Here, however, The Oregonian relies upon a qualified right of access under the first amendment to obtain disclosure of the plea agreement and related documents. Where the first amendment supplies the right of access, the party seeking access has the benefit of the presumption that disclosure should be made; the burden is upon the proponent of closure to justify a closure order. Thus, the district court erred by placing the initial burden to demonstrate a basis for disclosure on The Oregonian. The court should have required Wolsky to present facts supporting closure and to demonstrate that any available alternatives would not protect his interests.

Despite this error in allocating the burden of persuasion, the district court did consider whether disclosure of the plea agreement and related documents would pose a risk of harm to Wolsky and his family. The court concluded that, in the absence of closure, the safety of Wolsky and his family would be placed in jeopardy. This conclusion, however, was not supported by any factual finding.

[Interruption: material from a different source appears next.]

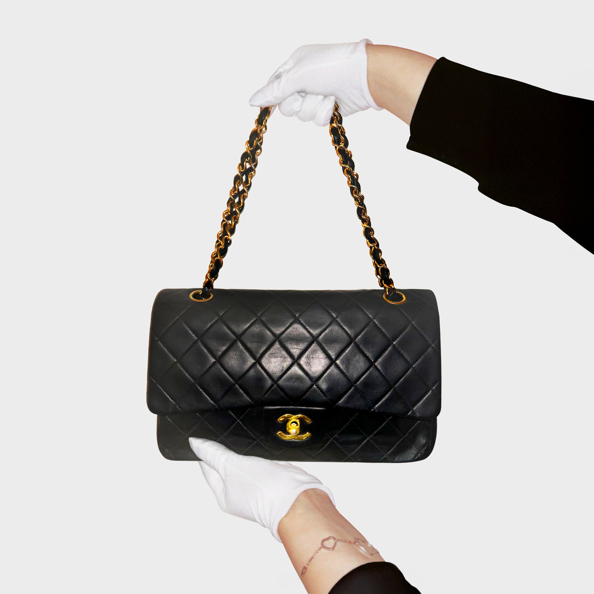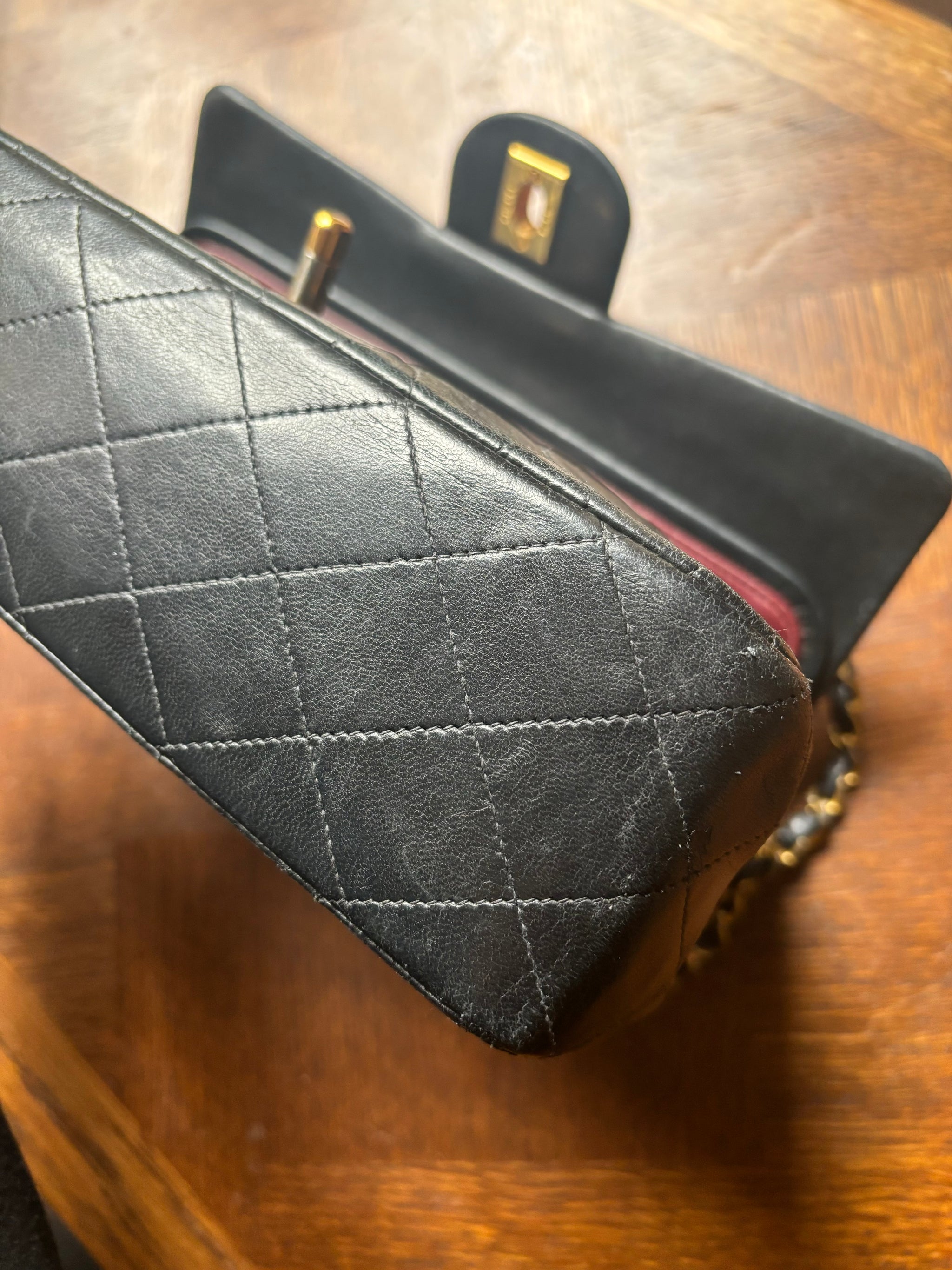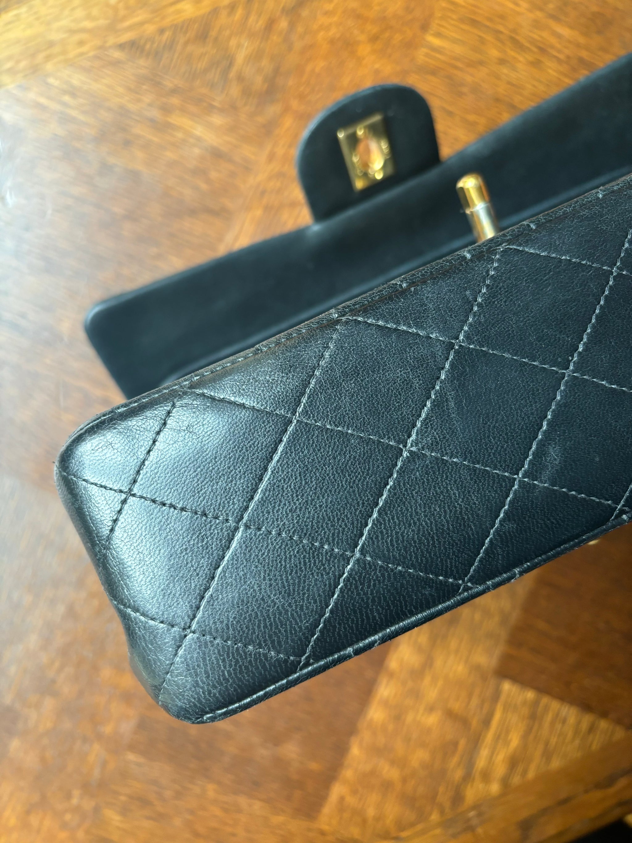 A dream vintage piece: Chanel Timeless classic double flap in black with gold hardware.
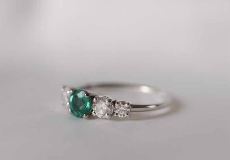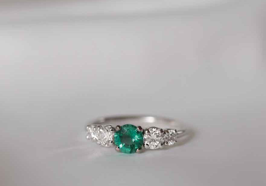 En elektriskt grön 0.41 CT/5 mm smaragd flankerad av vita diamanter av mycket hög kvalitet

It was based upon the district court’s stated belief that because the agreement contemplated Wolsky’s cooperation with the government, Wolsky would be in danger if the court disclosed the terms of the plea agreement. There was no evidentiary support for this. In his memorandum in support of the motion to seal the plea agreement, Wolsky stated, “In the instant case, closure will serve ‘higher values’ beneficial to both the government and the defendant for reasons previously articulated in the defendant’s previously sealed submissions.” However, the only other document submitted in support of Wolsky’s motion to seal was the letter from Wolsky’s attorney to the district judge. This letter does not present facts demonstrating any danger to Wolsky or his family. Thus, Wolsky failed to carry his burden as articulated in Brooklier. See Brooklier, 685 F.2d at 1167, 1169.

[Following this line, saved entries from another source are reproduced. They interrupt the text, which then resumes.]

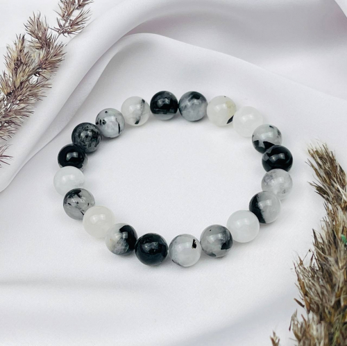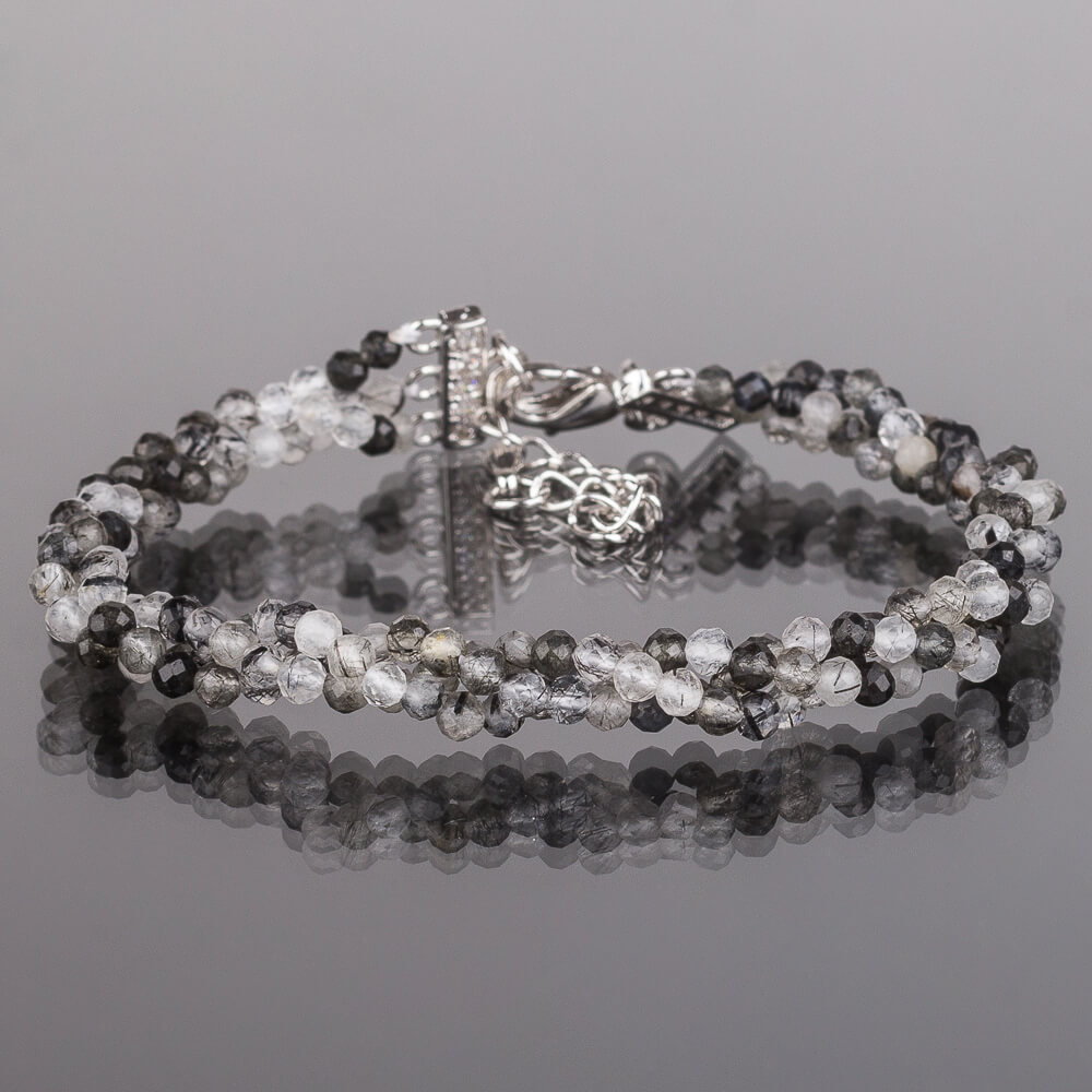 Радуга Самоцветов Браслет Кварц с включением Турмалина черного тройной
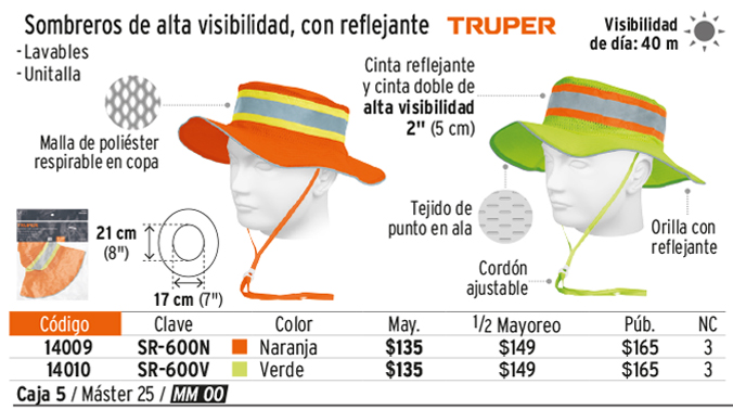 Sombrero naranja alta visibilidad con reflejante, TRUPER
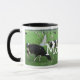 Vaches laitières néerlandaises de Frisian dans un pré vert une belle journée de printemps en mai avec le texte personnel indiquant "MOO-oo". Entièrement personnalisable ! Changez le texte si vous voulez à votre propre nom. Ajoutez plus de texte et d'images si vous voulez ! Passez commande en ligne et customisez la taille et les couleurs si vous voulez ! Grand cadeau, ordre maintenant commodément et rapide de tasse de lait de vache votre propre tasse personnelle de boissons chez www.zazzle.com/hollandshop !
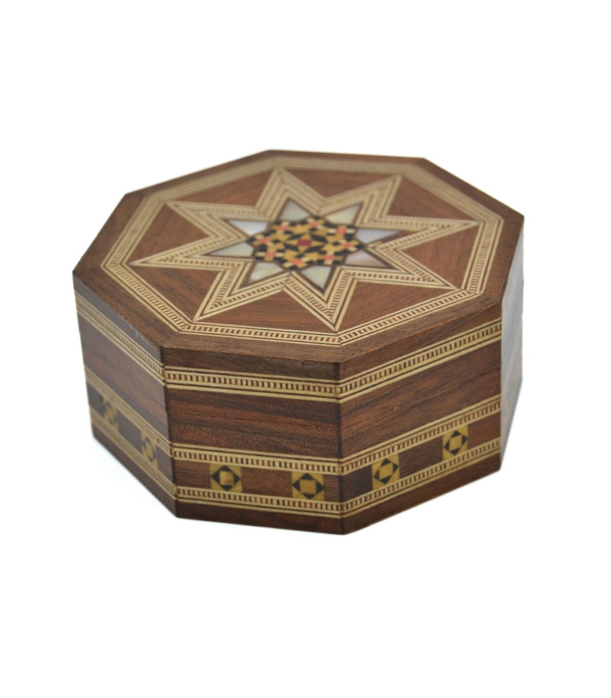 Syrische achteckige Box mit lasergeschnittenem Gitter verziert.
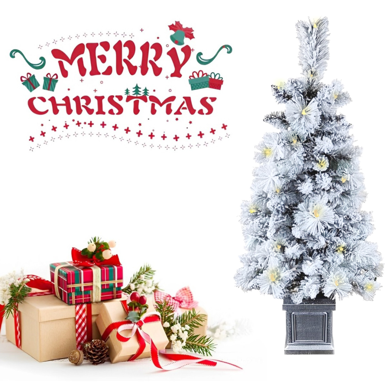 4Ft/1.2m Pre-Lit Yukon Snow Pine Artificial Green Christmas Tree Snow Flocked 230 Tips Branches Snowy Bushy Xmas Home Decorations, with 110 Warm White LEDs, Metal Stand

We conclude that Wolsky has not overcome the presumption that the press has a right of access under the first amendment to the plea agreement and related documents.1

CONCLUSION

The public and the press have a right of qualified access to plea agreement documents under the first amendment. A criminal defendant’s interest in safety over*1468rides this right of access only when the three substantive requirements set out in Press-Enterprise II are met. The district court failed to apply these requirements properly and thus clearly erred as a matter of law in making its closure orders. Accordingly, we GRANT the petition for writ of mandamus and ORDER the district court to release the sealed documents.

. The district court did not consider alternatives to closure that might protect Wolsky’s interests. The district court simply concluded that "[tjhere is no alternative to closure that would provide Wolsky and his family with equal protection.”

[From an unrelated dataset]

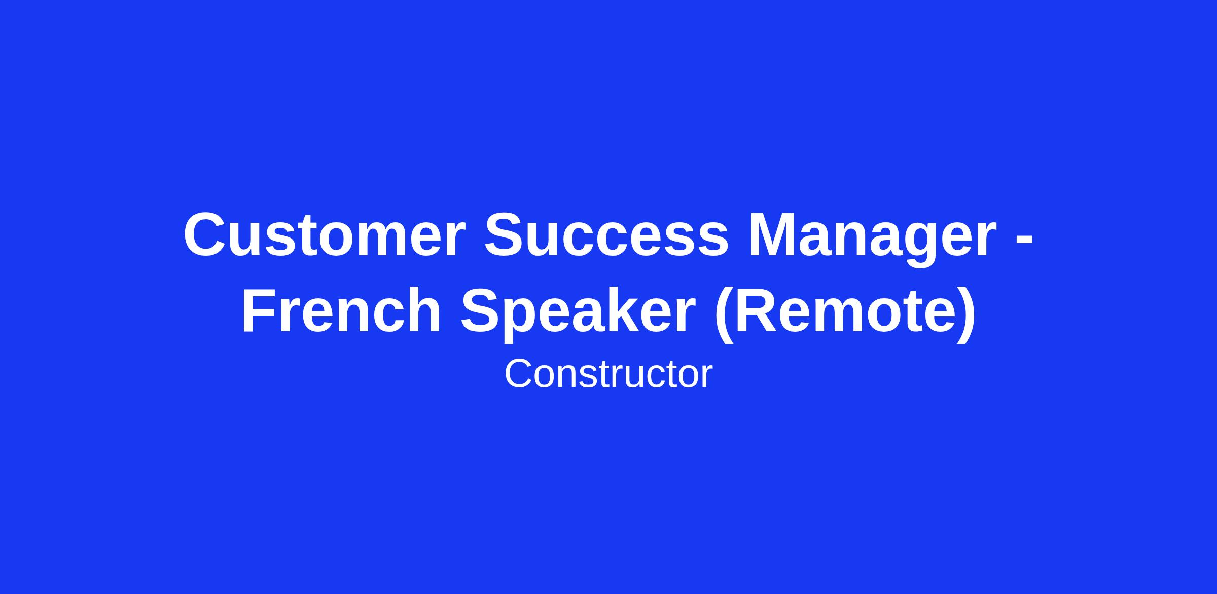 Customer Success Manager - French Speaker (Remote)

The district court might have considered redacting portions of the plea agreement, or disclosing the agreement but placing Wolsky in a witness protection program, or recommending that Wolsky be placed in protective custody while in prison. We express no opinion on whether these possible alternatives would have been effective or appropriate. We do not address the question whether the district court should have considered alternatives to closure, because we conclude Wolsky did not make a sufficient showing to warrant closure or to obtain the benefits of alternatives to closure.